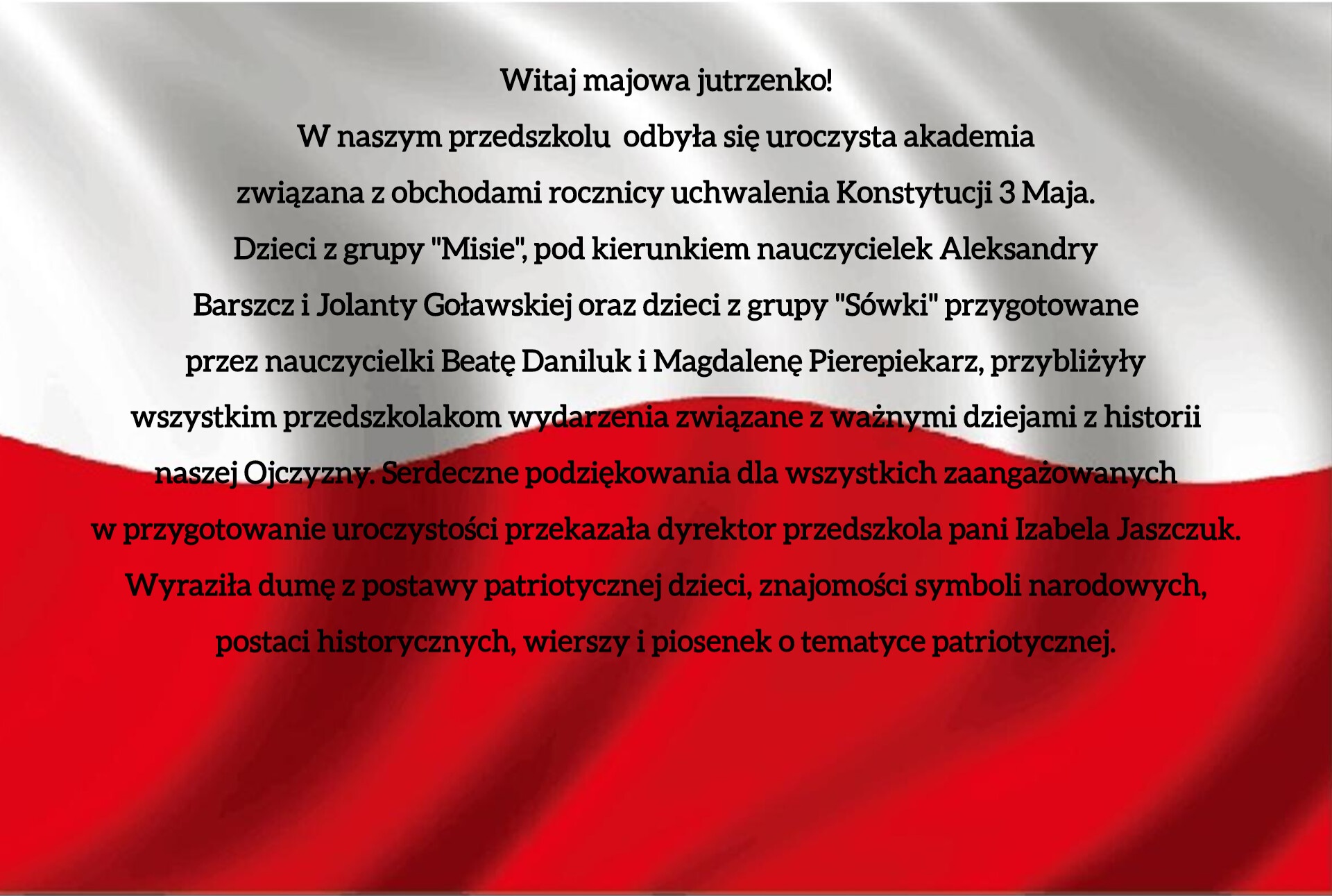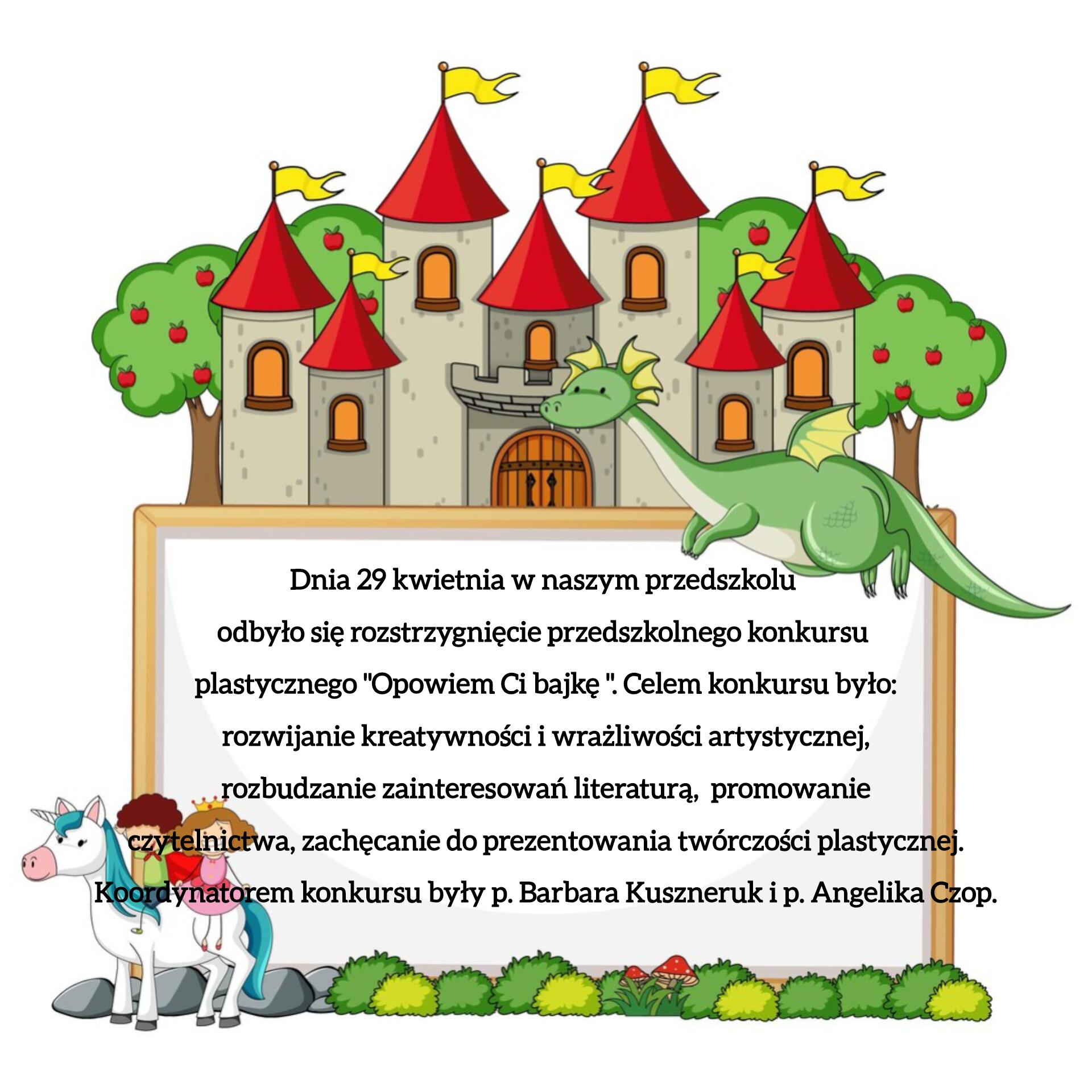 Na konkurs wpłynęło 29 prac, spośród których komisja konkursowa w składzie: dyrektor I. Jaszczuk, p. Anna Miszkiniuk i p. Jolanta Goławska wyłoniła zwycięzców przyznając I, II i III miejsce w dwóch kategoriach wiekowych: 3-4 latki oraz 5-6 latki. Przyznano również dwa wyróżnienia.
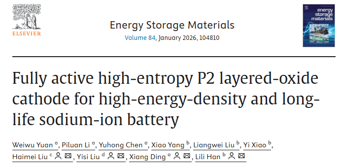 Weiwu Yuan, Piluan Li, Yuhong Chen, Xiao Yang, Liangwei Liu, Yi Xiao, Haimei Liu*,Yisi Liu*, Xiang Ding*, Lili Han*.Fully active high-entropy P2 layered-oxide cathode for high-energy-densityand long-life sodium-ion battery.Energy Storage Materials,2026, 84, 104810.(中科院一区TOP期刊,IF=20.2)
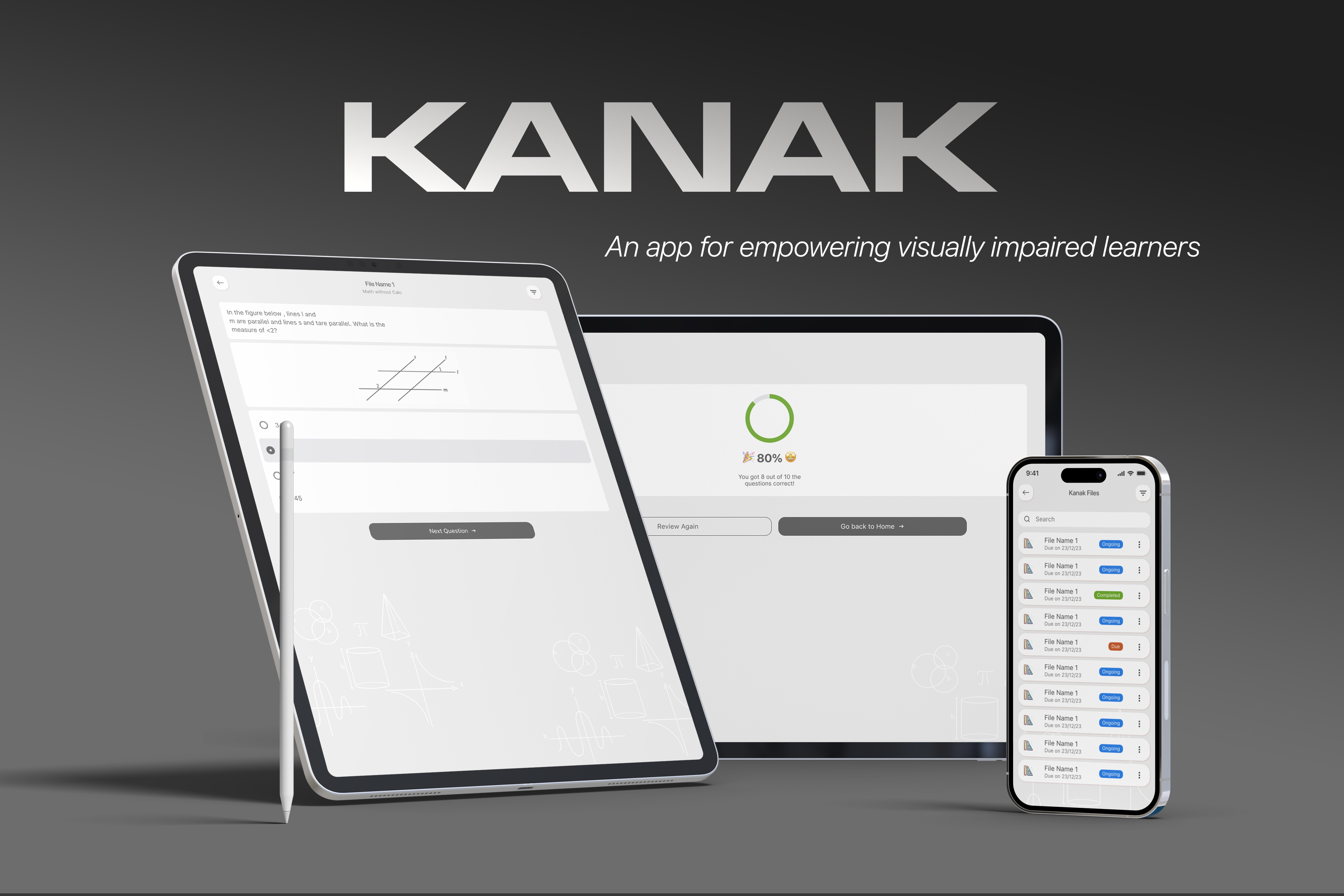Kanak is a mobile-first iOS platform designed to empower visually impaired students by providing accessible tools to build math skills and prepare for standardized tests like the SAT. Available for both iPhone and iPad, Kanak incorporates audio-first interaction, haptic feedback, customizable fonts, and landscape support for math tasks like drawing and graphing. The app also includes an organized file system, VoiceOver optimization, and support for materials shared by teachers, creating a truly independent and inclusive learning experience.
◆ ◆ ◆ ◆
Across all the lines above, repeat the wording exactly and omit the pictures.

**TASK ANSWER:**
 Na konkurs wpłynęło 29 prac, spośród których komisja konkursowa w składzie: dyrektor I. Jaszczuk, p. Anna Miszkiniuk i p. Jolanta Goławska wyłoniła zwycięzców przyznając I, II i III miejsce w dwóch kategoriach wiekowych: 3-4 latki oraz 5-6 latki. Przyznano również dwa wyróżnienia.
 Weiwu Yuan, Piluan Li, Yuhong Chen, Xiao Yang, Liangwei Liu, Yi Xiao, Haimei Liu*,Yisi Liu*, Xiang Ding*, Lili Han*.Fully active high-entropy P2 layered-oxide cathode for high-energy-densityand long-life sodium-ion battery.Energy Storage Materials,2026, 84, 104810.(中科院一区TOP期刊,IF=20.2)
Kanak is a mobile-first iOS platform designed to empower visually impaired students by providing accessible tools to build math skills and prepare for standardized tests like the SAT. Available for both iPhone and iPad, Kanak incorporates audio-first interaction, haptic feedback, customizable fonts, and landscape support for math tasks like drawing and graphing. The app also includes an organized file system, VoiceOver optimization, and support for materials shared by teachers, creating a truly independent and inclusive learning experience.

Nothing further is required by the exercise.